God is like a beamer that projects an image of himself, but there was no screen the image would be projected to and reflected from. Thus, the beam of light just vanished in space. God made creation including man as the screen that would receive and reflect the image hidden in the beam, and made God visible.

But what has all this to do with creativity, apart from telling us archetypically about the first creative act ever done and the one creative act that is ongoing and never ending? What does it show us about our own creativity?

First, we have to understand the imago dei: in God’s image.

Greeks explained creativity as an act of a spirit, a muse, something non-human, an external entity that took hold of a person and made it the channel of its creativity. Creativity therefore was a non-human feature, a passage, an impartation by the spiritual realm.

When we hear Christians today, deflecting any compliment to the Holy Spirit, and praising him for all creativity, we are reminded of this Greek thinking much more than sound theology. I think that this deflection is false humility, belittling God’s creation, especially humanity.

We are made in the image of God, and though we cannot create a universe in this reality (we certainly can in virtual realities), we possess creativity as one of the godly attributes he shared with us. So yes, he is the source of creativity, and we can thank him for that, but we can and ought to accept that we too are creative beings.

It is the betweenness of God and us, and it is the betweenness of what we apply our creativity to and us.

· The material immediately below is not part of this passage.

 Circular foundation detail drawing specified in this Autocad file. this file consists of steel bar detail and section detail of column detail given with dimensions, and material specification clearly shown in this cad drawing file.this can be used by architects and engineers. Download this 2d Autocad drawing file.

Creativity is not an end product that can be viewed, that is just the outcome of creativity at play–unless it is a copy of something and does not need creativity in the fist place.

Creativity is this interplay of a giver and a receiver, with the added characteristics of this interplay being novel and useful. Creativity studies usually call those dimensions originality/uniqueness and appropriateness/usefulness.

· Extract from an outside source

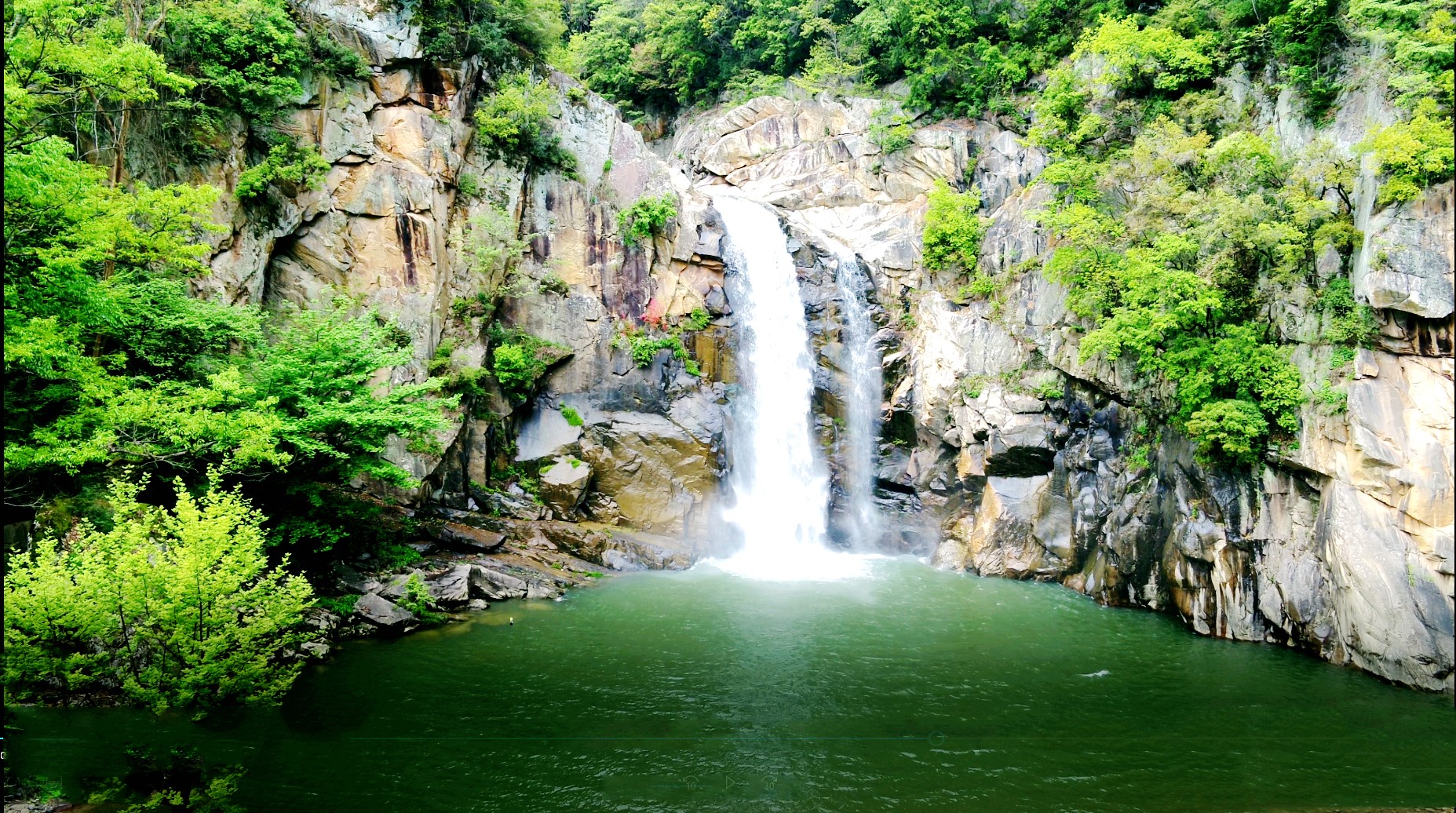 龙潭坎壁立千仞,宛如刀切,瀑布落差 35 米,宽约 6 米。放眼望去,河水从坎上飞泻而下,飞瀑如卷帘翻滚着白色的浪花,飞溅着似玉如银的水珠,闪烁着五彩缤纷的霞光,迸发出巨大的声响,气势恢宏而磅礴,豪迈而坦荡。

I find the dimension of appropriateness/usefulness rather utilitarian and problematic–who is going to decide. Especially in areas where tradition is of great value, creativity might always be seen as utopian, dystopian, inappropriate, or lacking usefulness.

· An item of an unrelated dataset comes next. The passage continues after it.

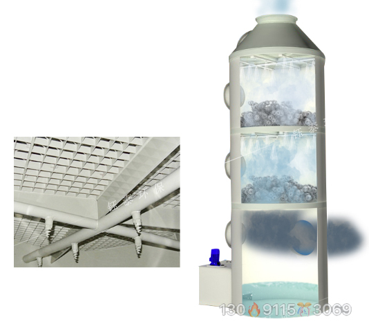 廢氣噴淋凈化塔的工作原理是將氣體中的污染物分離成無(wú)害物質(zhì),以達(dá)到凈化氣體的目的,屬于差動(dòng)接觸逆流,塔體填料是氣液接觸的基本組成部分。進(jìn)入塔體的氣體進(jìn)入塔體后,氣體進(jìn)入填料層

I am very blunt here: my blog is an obscure outlet of alternative interpretations of the bible that might be called original, but might well lack usefulness due to the closed mindset of traditional religion that has found absolute truth already and damns all novelty, and appropriateness because the powers to be deem my thoughts dangerous and confusing for the sheep (commoners in church). Whining off.

For me, creativity is a novel idea that manifests in some way to provoke thought and change at best, first within the creative person, then maybe in others either through the exchange of that idea or its manifestation, or through osmosis of the change within the original thinker. Sometimes it suffices if the creator just shows up differently to provoke change, doesn’t it? And sometimes it’s through our own pondering of the work.

Creativity provokes a different view of something, and at times a new worldview, great questions asked and new tools found to deal with life circumstances. Whether this will be applicable and useful, only time will tell, and maybe it will not because we never tried, or never tried an alternative.

And still, coming back to the beginning thought, creativity includes the principles of giving and receiving. Thus, if there is no receiver, creativity vanishes in time and space.

So we have arrived at a variant of a known philosophical problem: “Does creativity exist if nobody sees or appreciates it?”

Did a tree fall if nobody heard it? Do God and God’s love exist if nobody receives them?